The most offensive aspect of the film, that truly betrays director’s lack of depth and understanding of history, literature, politics and gender issues, is the climax. A tale of prostitutes and a brothel never touched upon the economics but suddenly turned into a patriotic mode. A bunch of women took up arms to defend their home/land. The characters gave rousing speeches about their sense of belonging and living with dignity turning the building into a space of woman empowerment. Consequently it makes one cringe when it becomes clear that the entire scheme of things is controlled by the Nawab who has rights over every girl, especially the new ones, before anyone else. And finally, after defying a lot of laws of physics, the women realize that death and destruction of their property is inevitable. And in an apparently spit-in-the-face-of-males move, they turn back into the flaming house where the elderly woman reads out the myth of Padmini who along with other Rajput women jumped into the flame to escape the predicament in the hands of Muslim invaders. As the film ends, the screen lights up with the brothel on fire with the prostitutes awaiting their fate inside and the voice of the elderly woman played by Lily Chakraborty can be heard, “Jai Mahasati-r jai!” (a rousing call in the celebration of Sati system).

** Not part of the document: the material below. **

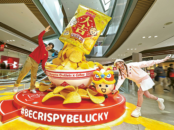 【明報專訊】今個新春,東薈城名店倉首次聯乘港人至愛的日本零食品牌Calbee,打造充滿歡笑與「脆」味的「『薯』來運到」新春主題活動!四大Calbee成員Jagabee Potta、薯片Pote Kun、蝦條河童蝦家族和Jagarico長頸鹿,將換上賀年服飾,在8大新春「脆」味打卡位登場,喜迎春節。當中包括地下3.8米高的巨型薯片袋裝置,傾瀉而下的金黃薯片裝滿大碗,寓意新一年「『薯』滿缽滿」;走上2樓中庭廣場更有以巨型棋盤為靈感的「奇『脆』樂園」,讓人彷彿走進了巨人國的零食世界。場內更設有「『薯』藝比併」數碼遊戲及「鮮蝦釣釣樂」互動遊戲,小朋友完成挑戰即可換取限定版薯片夾盲盒,好玩又有紀念品帶回家。

Thus, Srijit Mukherjee brings together a band of women suffering the worst of oppressions from the feudal-patriarchal system and tries to project them as poster girls of liberation and empowerment. And their moment of death is equated with the worst of ancient systems of Patriarchal/Brahminical domination where a widow’s death is celebrated by the society. And the director projects it as their final moment of victory.
And then the audience stood up and clapped.